Seems that for gemini-pro-vision, model_info doesn't have output_cost_per_character and that's the unit used to calculate cost for this model and thus causes an error response to be returned.

Relevant log output

litellm.litellm_core_utils.llm_cost_calc.google.cost_per_character():                 Defaulting to (cost_per_token * 4) calculation for completion_cost
Exception occured - model info for model=gemini-1.0-pro-vision does not have 'output_cost_per_character'-pricing
model_info={'key': 'gemini-1.0-pro-vision', 'max_tokens': 2048, 'max_input_tokens': 16384, 'max_output_tokens': 2048, 'input_cost_per_token': 2.5e-07, 'cache_creation_input_token_cost': None, 'cache_read_input_token_cost': None, 'input_cost_per_character': None, 'input_cost_per_token_above_128k_tokens': None, 'output_cost_per_token': 5e-07, 'output_cost_per_character': None, 'output_cost_per_token_above_128k_tokens': None, 'output_cost_per_character_above_128k_tokens': None, 'output_vector_size': None, 'litellm_provider': 'vertex_ai-vision-models', 'mode': 'chat', 'supported_openai_params': ['temperature', 'top_p', 'max_tokens', 'stream', 'tools', 'tool_choice', 'response_format', 'n', 'stop', 'extra_headers'], 'supports_system_messages': None, 'supports_response_schema': None, 'supports_vision': True, 'supports_function_calling': True, 'supports_assistant_prefill': False}
Traceback (most recent call last):
  File "/usr/local/lib/python3.11/site-packages/litellm/litellm_core_utils/llm_cost_calc/google.py", line 155, in cost_per_character
    "output_cost_per_character" in model_info
AssertionError: model info for model=gemini-1.0-pro-vision does not have 'output_cost_per_character'-pricing
model_info={'key': 'gemini-1.0-pro-vision', 'max_tokens': 2048, 'max_input_tokens': 16384, 'max_output_tokens': 2048, 'input_cost_per_token': 2.5e-07, 'cache_creation_input_token_cost': None, 'cache_read_input_token_cost': None, 'input_cost_per_character': None, 'input_cost_per_token_above_128k_tokens': None, 'output_cost_per_token': 5e-07, 'output_cost_per_character': None, 'output_cost_per_token_above_128k_tokens': None, 'output_cost_per_character_above_128k_tokens': None, 'output_vector_size': None, 'litellm_provider': 'vertex_ai-vision-models', 'mode': 'chat', 'supported_openai_params': ['temperature', 'top_p', 'max_tokens', 'stream', 'tools', 'tool_choice', 'response_format', 'n', 'stop', 'extra_headers'], 'supports_system_messages': None, 'supports_response_schema': None, 'supports_vision': True, 'supports_function_calling': True, 'supports_assistant_prefill': False}

Twitter / LinkedIn details

No response

krrishdholakia commented 2 months ago

Hi @rambihari can you share a minimal script to repro the issue. Cost tracking is done in a separate thread, and shouldn't be causing the call to fail.

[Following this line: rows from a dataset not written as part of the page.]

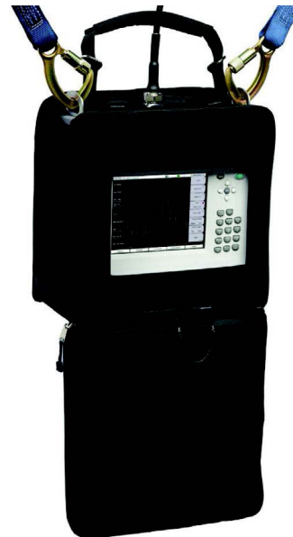
SOFT CASE OPENS IN FRONT FOR EASY ACCESS AND USE
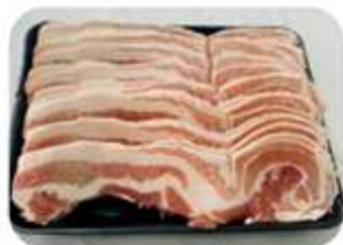
Pork Belly Slice
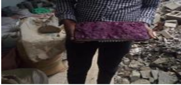
Figure 9: Concrete Exposed to Phenolphthalein Solution
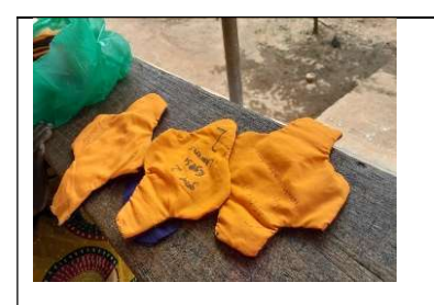
Pads produced at Kitungwa C/U with names written on them
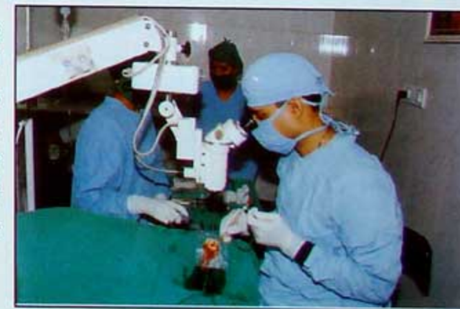
Cataract operation in progress

One should see that no harm occurs to anyone an account of one's actions.
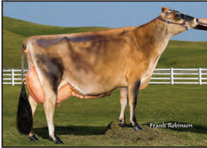
LADY-LANE CVE KASSIE Grandam of Lot 23
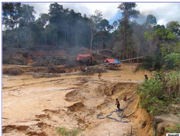
Figure 17. Gold is recovered from colluvium or paleo placers using hydraulic mining techniques. This technique releases massive amounts of sediment to streams and causes erosion and mass wasting.
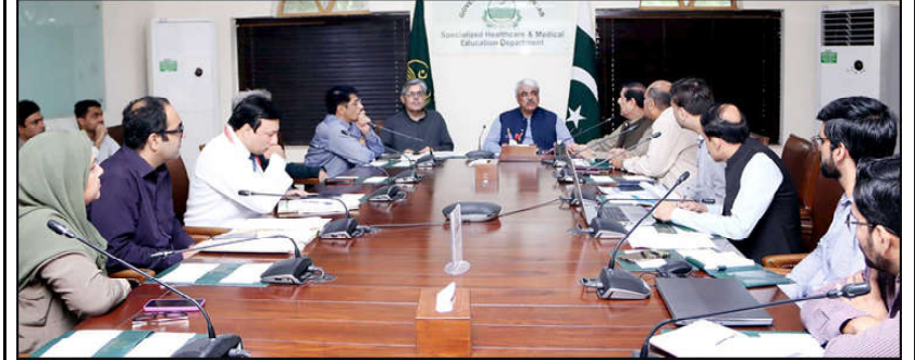
LAHORE: Punjab Minister for Health and Secretary Health Azmat Mehmood chaired meeting to review revamping in Government Hospital at Specialized Healthcare and Medical Education Department.

for Sept 2 KARACHI (APP): The sitting of the Provincial Assembly (PA) of Sindh poor state of cleanliness has been re-scheduled for September 2, Monday. The Speaker Sindh Assembly Syed Awais Qadir Shah in exercise of powers conferred upon him has adjourned the setting, which was scheduled to be held on August 27 and now it would be held on September 2.
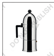
CODE 9095/6BFM BLACK COLOUR CL 30 - Ø CM 10 - H CM 28,5

rambihari commented 2 months ago

Hey Krish sure I've attached the script, hopefully you're able to reproduce what I'm seeing on my end.

Thanks, Ram

On Wed, Sep 18, 2024 at 10:57 AM Krish Dholakia @.***> wrote:

Hi @rambihari https://github.com/rambihari can you share a minimal script to repro the issue. Cost tracking is done in a separate thread, and shouldn't be causing the call to fail.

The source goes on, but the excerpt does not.